**Entries supplied:**
=== Begin Enclosure ===

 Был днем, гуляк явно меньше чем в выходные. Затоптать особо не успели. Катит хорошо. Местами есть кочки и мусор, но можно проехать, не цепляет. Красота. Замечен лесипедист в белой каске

=== End Enclosure ===
=== Begin Enclosure ===

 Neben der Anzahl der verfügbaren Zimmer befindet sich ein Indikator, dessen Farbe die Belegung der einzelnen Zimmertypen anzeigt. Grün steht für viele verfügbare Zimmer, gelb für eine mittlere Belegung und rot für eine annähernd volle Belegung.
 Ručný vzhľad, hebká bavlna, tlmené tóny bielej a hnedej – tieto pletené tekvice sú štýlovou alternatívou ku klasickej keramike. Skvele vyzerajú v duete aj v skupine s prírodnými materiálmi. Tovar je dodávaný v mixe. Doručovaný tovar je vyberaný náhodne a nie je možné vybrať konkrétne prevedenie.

=== End Enclosure ===

**Your objective:** All lines above from the one holding "Neben der Anzahl" to the one holding "Ručný vzhľad, hebká", inclusive, are to be copied exactly; no other line is wanted.

**Exercise output:**
 Neben der Anzahl der verfügbaren Zimmer befindet sich ein Indikator, dessen Farbe die Belegung der einzelnen Zimmertypen anzeigt. Grün steht für viele verfügbare Zimmer, gelb für eine mittlere Belegung und rot für eine annähernd volle Belegung.
 Ručný vzhľad, hebká bavlna, tlmené tóny bielej a hnedej – tieto pletené tekvice sú štýlovou alternatívou ku klasickej keramike. Skvele vyzerajú v duete aj v skupine s prírodnými materiálmi. Tovar je dodávaný v mixe. Doručovaný tovar je vyberaný náhodne a nie je možné vybrať konkrétne prevedenie.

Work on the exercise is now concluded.